Pictures appear among the records below and must be omitted. Repeat exactly the lines from the line with "Set de 4 fiambreras" to the line with "718H为真空熔炼之铬-镍-合金钢,出厂", both included.

========

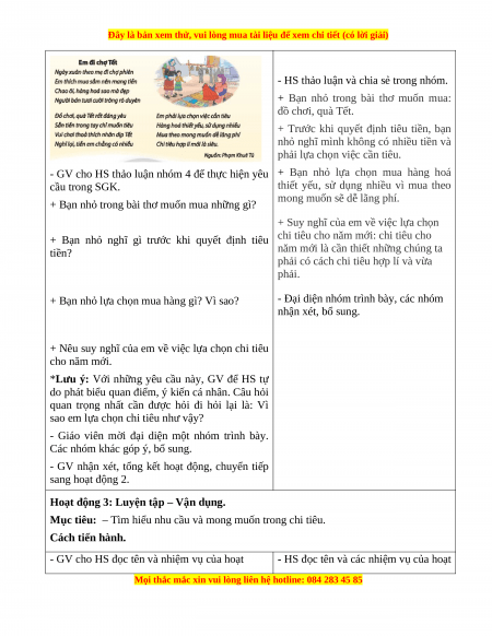 Mục tiêu: Chia sẻ việc lựa chọn chi tiêu cho năm mới. Cách tiến hành:
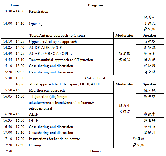 ●2025年『脊椎進階模擬手術研習營』課程講題
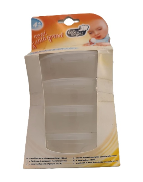 Set de 4 fiambreras o contenedores de congelación medianos. Capacidad: 100 ml por contenedor. Compatibilidad: Aptos para uso en microondas y congelador.
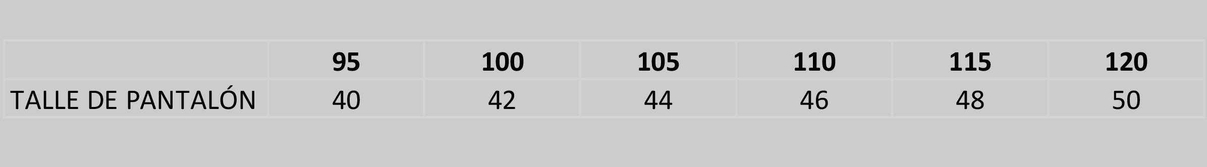 Tabla de medidas
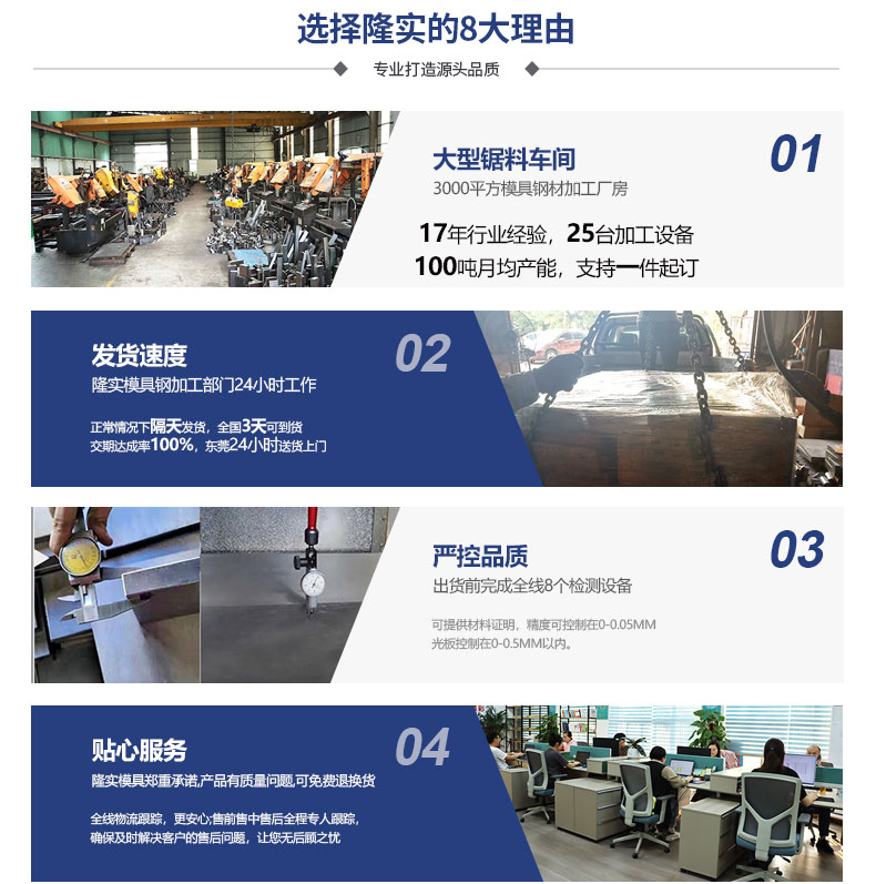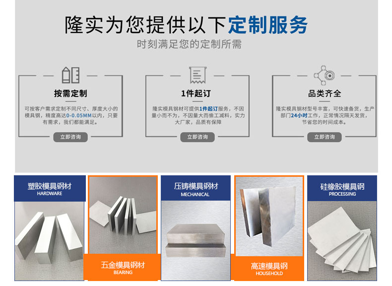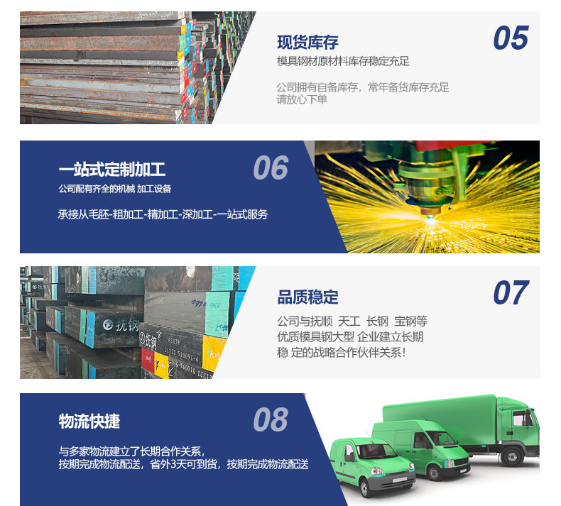 718H为真空熔炼之铬-镍-合金钢,出厂前经过淬硬及回火处理,经超音波检验,硬度及金相结构均匀,而且容易达成镜面抛光,具备下列各项优点:无淬裂和热处理变形风险:无需热处理费用:缩短模具制作周期:降低模具所需成本(例,无需侨正变形);模具易于修正;可施以氮化及表面硬化处理,以增进模具的表面硬度及耐磨性。
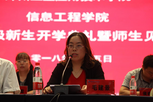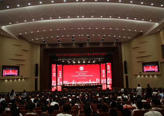 2018年9月5日上午,信息工程学院在国际学术交流中心举办2018级新生开学典礼暨师生见面会,取得圆满成功。会议由信息工程学院副院长毛建景主持,我院2018级1838名新生及全体教职工参加了会议。

========

## [Your solution]
 Set de 4 fiambreras o contenedores de congelación medianos. Capacidad: 100 ml por contenedor. Compatibilidad: Aptos para uso en microondas y congelador.
 Tabla de medidas
 718H为真空熔炼之铬-镍-合金钢,出厂前经过淬硬及回火处理,经超音波检验,硬度及金相结构均匀,而且容易达成镜面抛光,具备下列各项优点:无淬裂和热处理变形风险:无需热处理费用:缩短模具制作周期:降低模具所需成本(例,无需侨正变形);模具易于修正;可施以氮化及表面硬化处理,以增进模具的表面硬度及耐磨性。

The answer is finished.